Como último recurso, o libertista poderia afirmar que quem não aceita uma compreensão do que eu teria podido fazer como uma explicação básica da acção é vítima de uma concepção muito limitada do que uma explicação é — uma concepção fechada no ponto de vista objectivo que, por esse motivo, supõe como verdadeiro o que se pretende demonstrar contra o conceito de autonomia. Mas o libertista precisa de uma resposta melhor do que essa. Por que razão não serão essas explicações subjectivas autónomas meras descrições do modo como pareceu ao agente — antes, durante e depois — fazer o que fez? Por que razão serão elas algo mais do que impressões? Claro que são, no mínimo, impressões, mas tomamo-las como impressões de algo, algo cuja realidade não é garantida pela impressão. Não sendo eu capaz de dizer o que esse algo é, e considerando, ao mesmo tempo, muito perturbadora a possibilidade da sua ausência, estou num beco sem saída.

Tenho de concluir que o que queremos é qualquer coisa impossível, e que o desejo dela é suscitado precisamente pela mesma visão objectiva de nós mesmos que revela tal coisa ser impossível. No momento em que nos vemos do exterior como pedaços do mundo, duas coisas acontecem: já não nos satisfazemos na acção com menos do que a intervenção no mundo a partir do exterior; e vemos claramente que isso não tem sentido. A própria capacidade que é a fonte da perturbação — a nossa capacidade de nos vermos do exterior — apoia as nossas aspirações à autonomia, dando-nos a consciência de que devemos ser capazes de nos abarcar completamente, e assim tornarmo-nos a fonte absoluta do que fazemos. Em todo o caso, não nos satisfaremos com menos.

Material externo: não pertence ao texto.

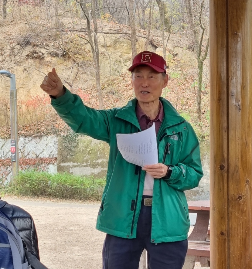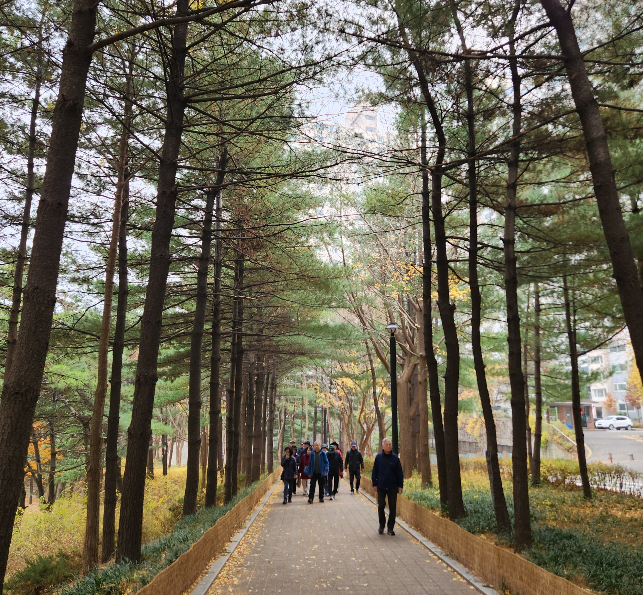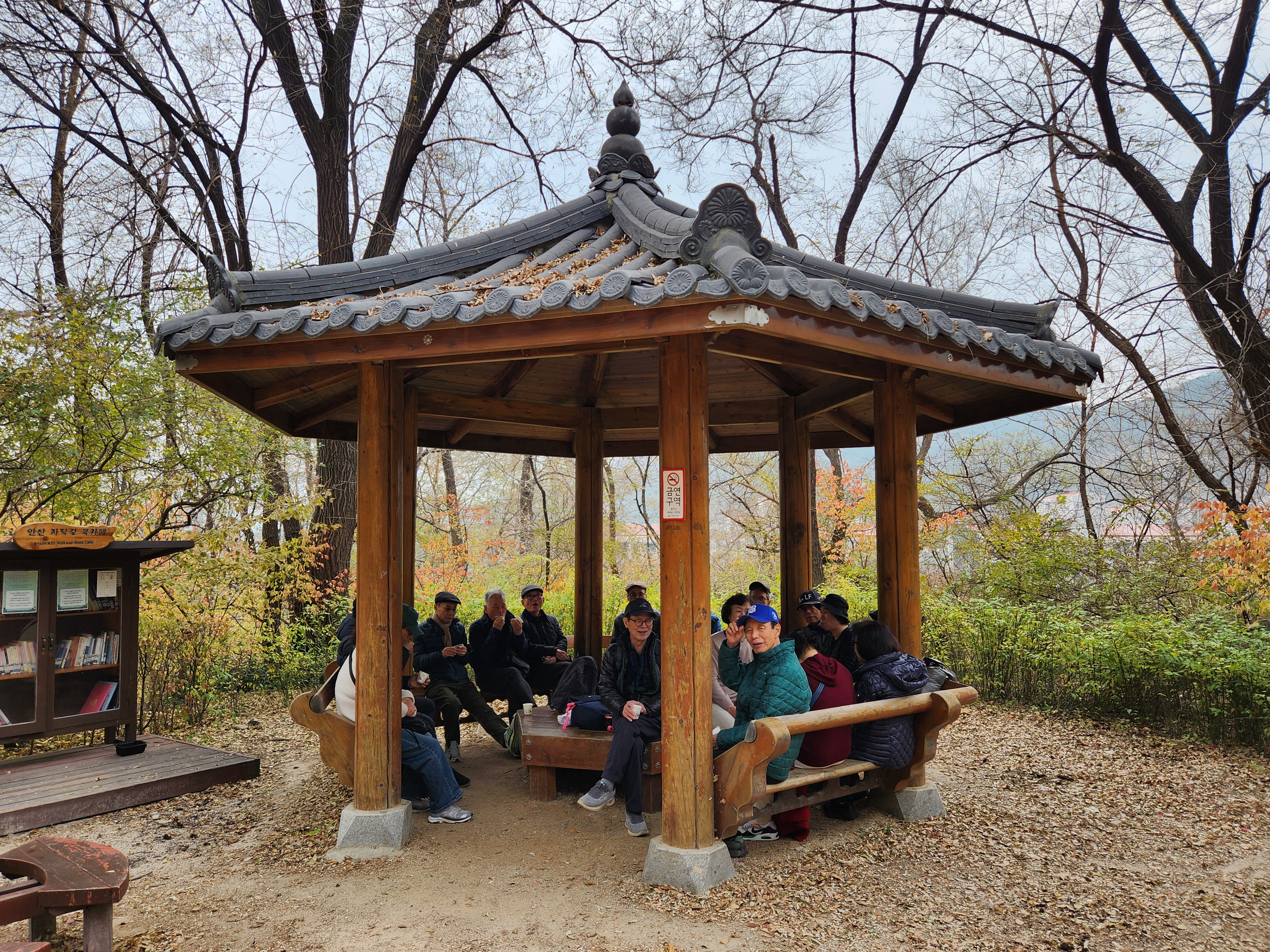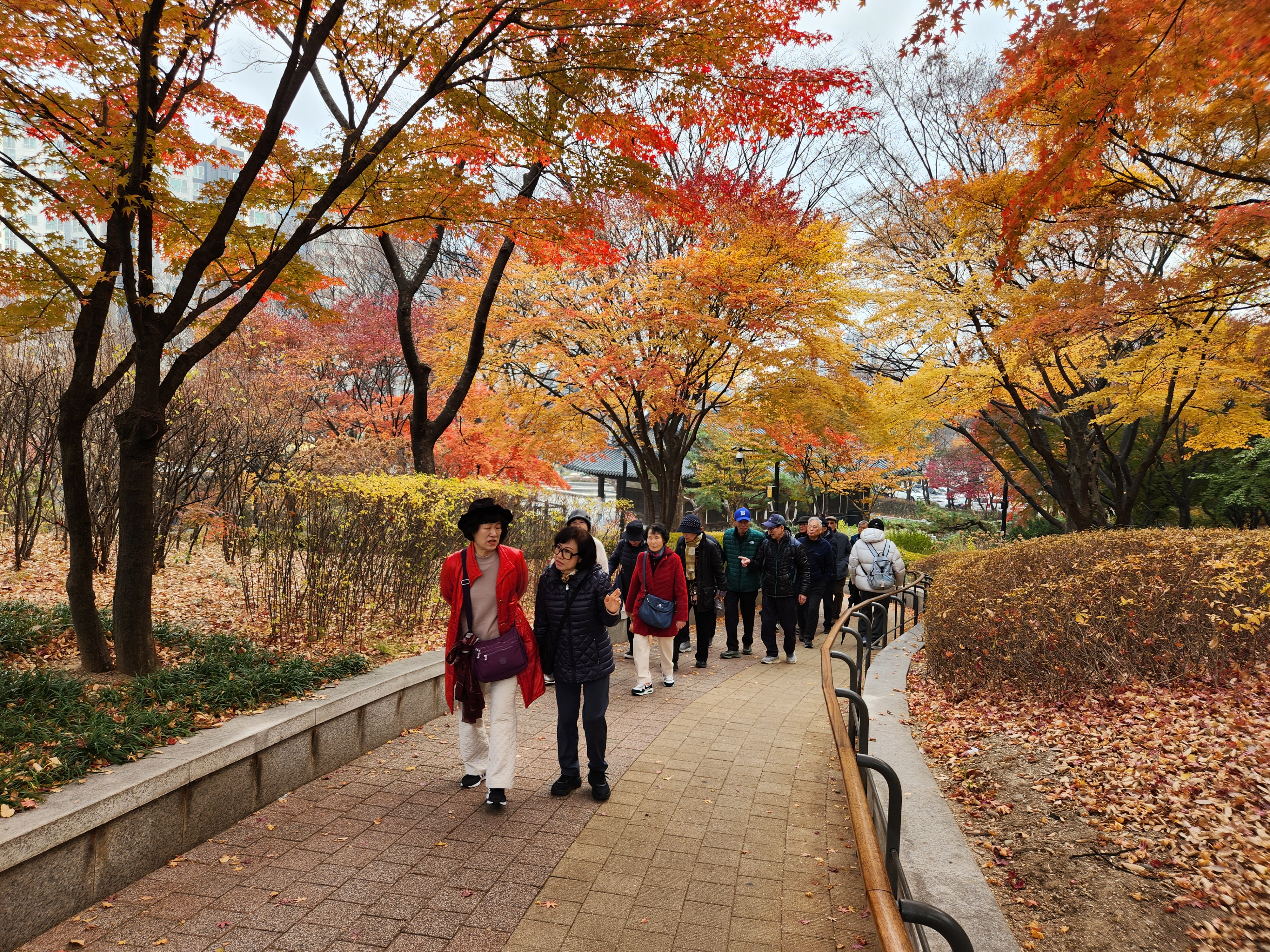 올 가을에 이 코스를 서너번 갔어도 갈때마다 좋고 가는 이들 모두가 편안하고 전혀 상상못한 풍경이라고 감탄한다. 서울에 오래 살았어도 이런 명소가 있는줄 몰랐다고 한다. 걷는 거리가 조금 먼듯 해도 첫 오르막 외에는 거의가 평지이고 오히려 후반에는 서서히 내리막 경사라서 힘들지 않다. 독립공원은 유관순열사상과 순국선열추모탑 옆으로 지나 위쪽에서 내려다보며 설명하고 곧장 안산자락길 데크가 시작되는 초입으로 올라가 잠시 숨을 고르고 물을 마신 뒤 오른쪽으로 북측길로 들어선다. 서울시내와 인왕산쪽 전망이 시원스러운 데크길을 따라 계속 나아간다. 중간쯤에 정자가 있어 둘러앉아 커피와 간식을 나누고 쉬어간다. 준비해간 동요집으로 초등학교때 불렀던 동요를 합창했다. 봄노래를 시작으로 여름, 가을, 엄마, 누나, 동무노래 등등 계속 이어진다.
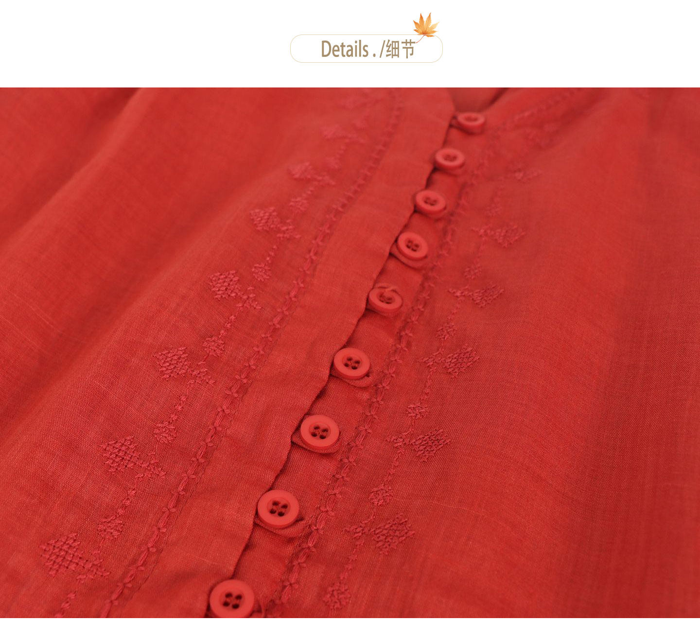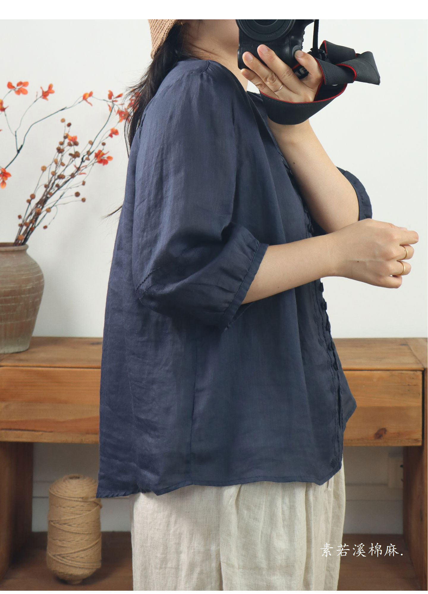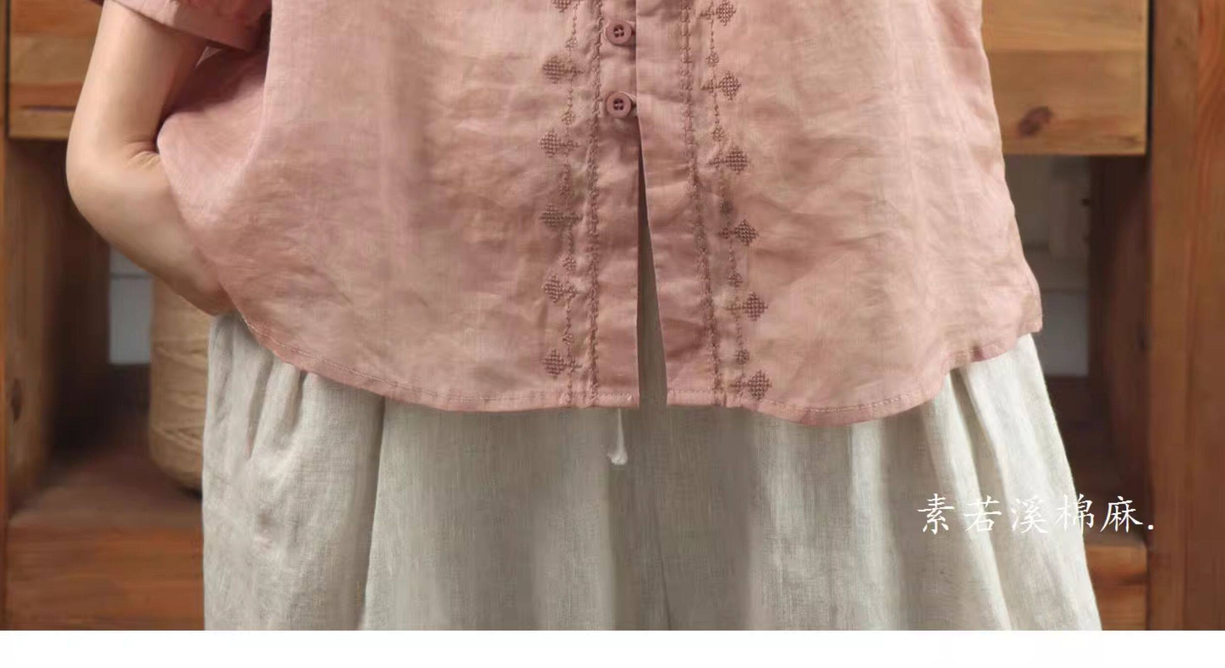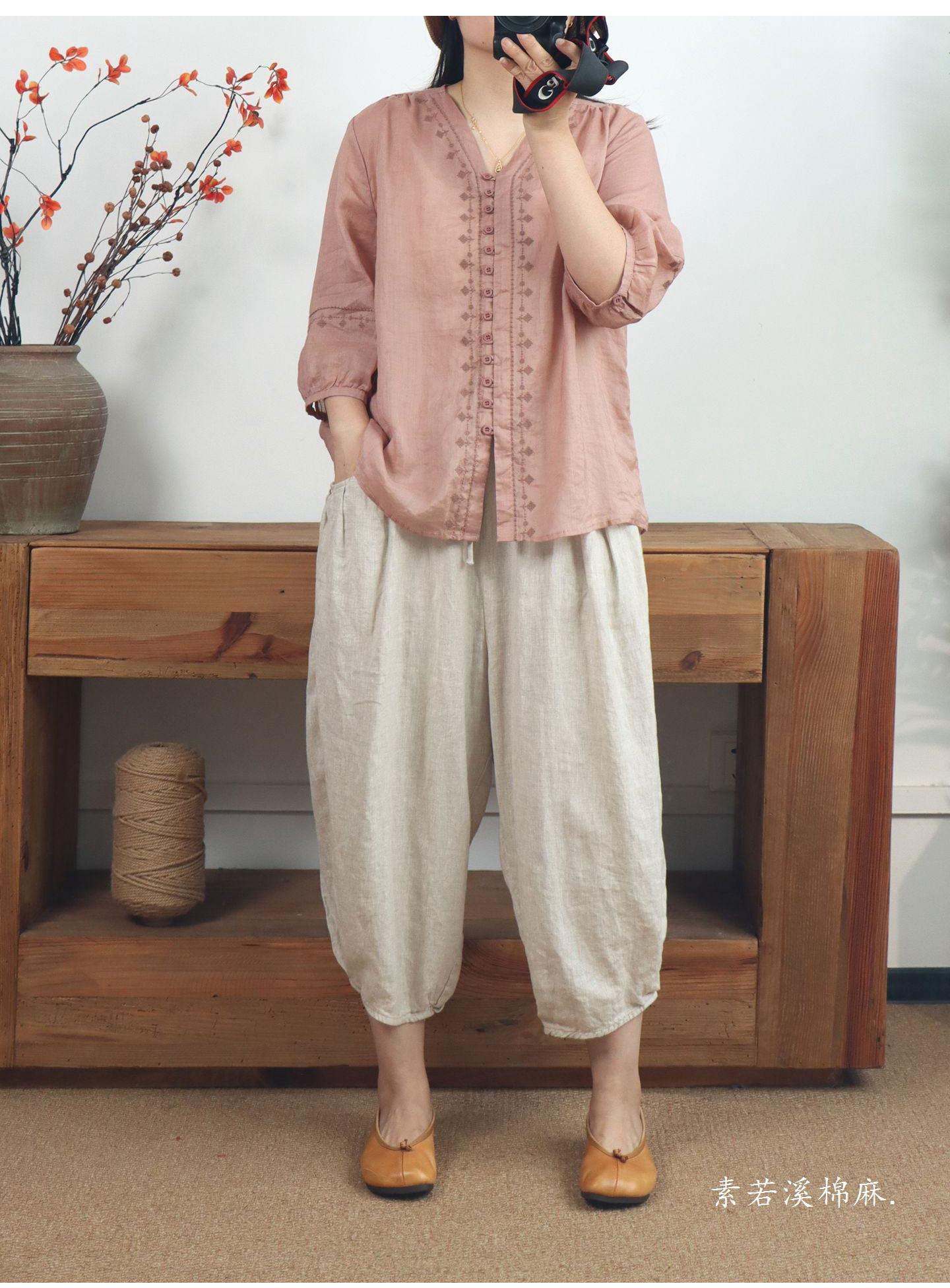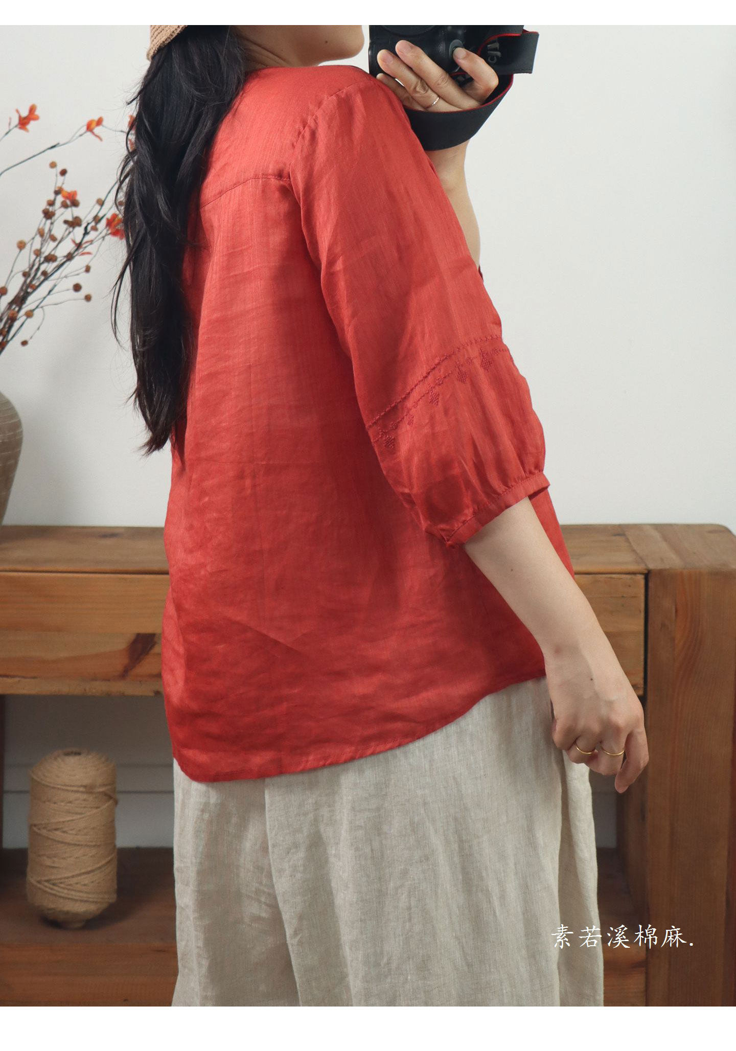 Elegant Ramie Embroidered Three-Quarter Sleeve V-Neck Shirt for Women, Summer Loose Large Size Vintage Artistic Button-Up Top 2552

Quando agimos, não estamos alheados do conhecimento de nós mesmos que é revelado pelo ponto de vista exterior, desde que possamos ocupá-lo. Afinal, é o nosso ponto de vista, tanto quanto o interior o é; e, se o tomamos, não podemos deixar de procurar incluir seja o que for que ele nos revele numa nova e alargada base de acção. Agimos, se possível, na base da mais completa visão das circunstâncias da acção que pudermos alcançar, e isto inclui uma visão tão completa de nós mesmos quanto pudermos alcançar. Não que queiramos ser paralisados pela autoconsciência. Mas não podemos contemplar-nos, na acção, como subordinados a uma perspectiva exterior de nós mesmos, porque subordinamos automaticamente a perspectiva exterior aos objectivos da nossa acção. Sentimos que, agindo, devemos ser capazes de determinar não só as nossas escolhas, mas também as condições interiores dessas escolhas, por muito que nos afastemos em direcção ao exterior de nós mesmos.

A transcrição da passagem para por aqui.